News From the Border

Providing the news from a different front but from a war that we must win as well! I recognize the poverty and desperate conditions that many Latinos live in. We, as the USA, have a responsibility to do as much as we can to reach out to aid and assist spiritually with the Gospel and naturally with training, technology and resources. But poverty gives no one the right to break the laws of another sovereign nation.

Saturday, January 20, 2007

Law would make Minutemen guilty of 'domestic terrorism'

'Patrolling to detect alleged illegal activity' while carrying any weapon would be felony

Posted: January 20, 2007 1:00 a.m. Eastern
By Jay Baggett

© 2007 WorldNetDaily.com

An Arizona lawmaker has introduced a bill to revise the state's statutes on organized crime and fraud by defining "domestic terrorism" in such a way that members of the Minuteman Project or other border-patrol groups could be prosecuted and forced to serve a minimum six-month jail term.

Rep.
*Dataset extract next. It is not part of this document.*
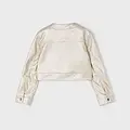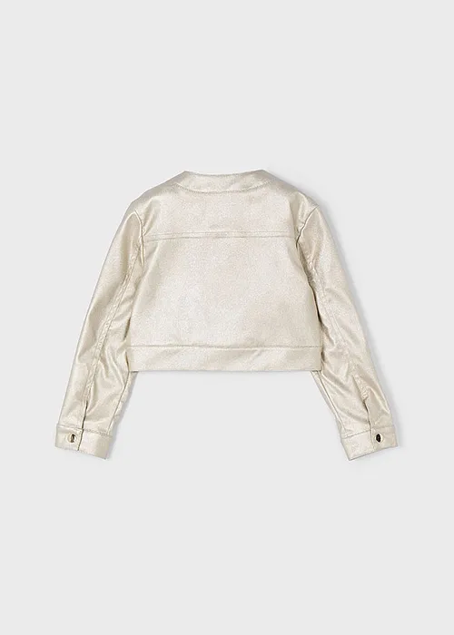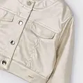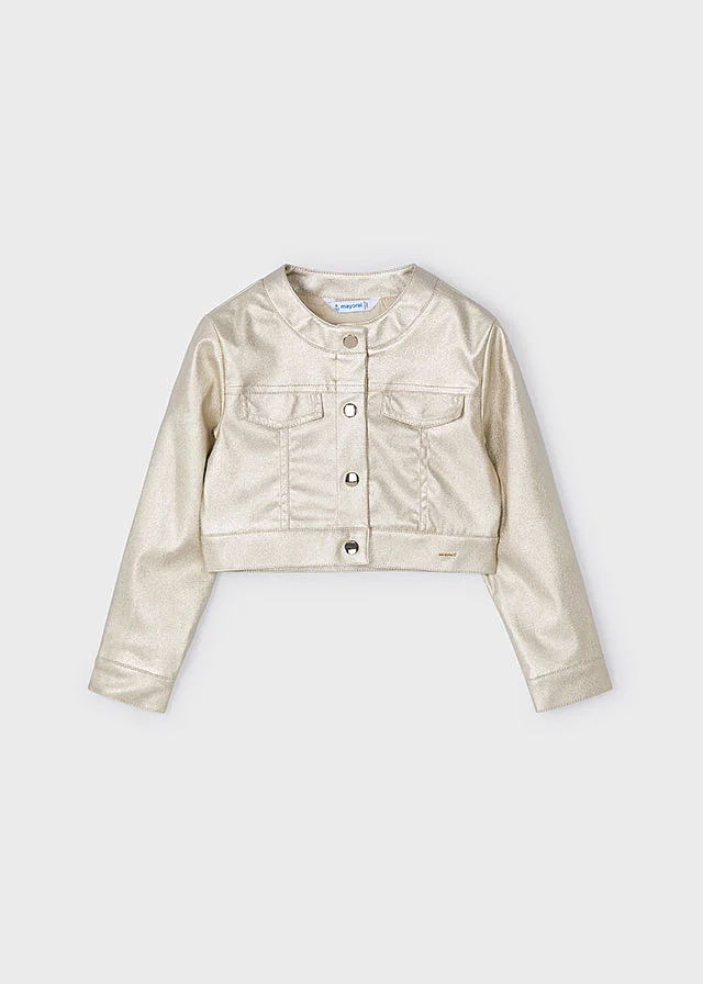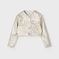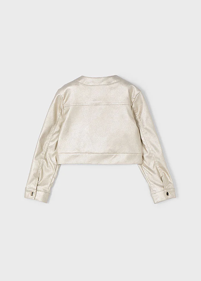 Chaqueta de manga larga para niña con puños abotonados. Cuello redondo. Cierre con botones a presión en la parte delantera. Moderno exterior de polipiel. Suave forro interior de poliéster. Bolsillos delanteros decorativos simulados. Acabado metalizado.

Kyrsten Sinema, D-Phoenix, introduced HB 2286 in the Arizona House on Thursday.

Sinema, formerly of the Green Party, had earlier submitted a bill asking the legislature to make changes to a law used to prosecute customers of immigrant smugglers as conspirators under Arizona's human trafficking law.

"None of us every dreamed it would be used in a co-conspirator fashion," Sinema said.

As WND reported, it was federal inaction that motivated Arizona lawmakers to approve the new law creating the crime of smuggling in 2005. Maricopa County District Attorney Andrew Thomas announced he would interpret the law to mean illegals caught with a smuggler could be prosecuted as co-conspirators if they paid a coyote to transport them across the border.

"If the customer pays a dope peddler money, he's violated the law," said Sheriff Joe Arpaio, who compares the relationship between coyotes and illegals to drug dealers and their customers. "(Here), they're paying for transport."

That law was upheld last year by a county judge after defense attorneys questioned its constitutionality. Last month, the same judge who upheld the law also overturned the first jury conviction of an illegal immigrant charged as a conspirator under the law, Associated Press reported.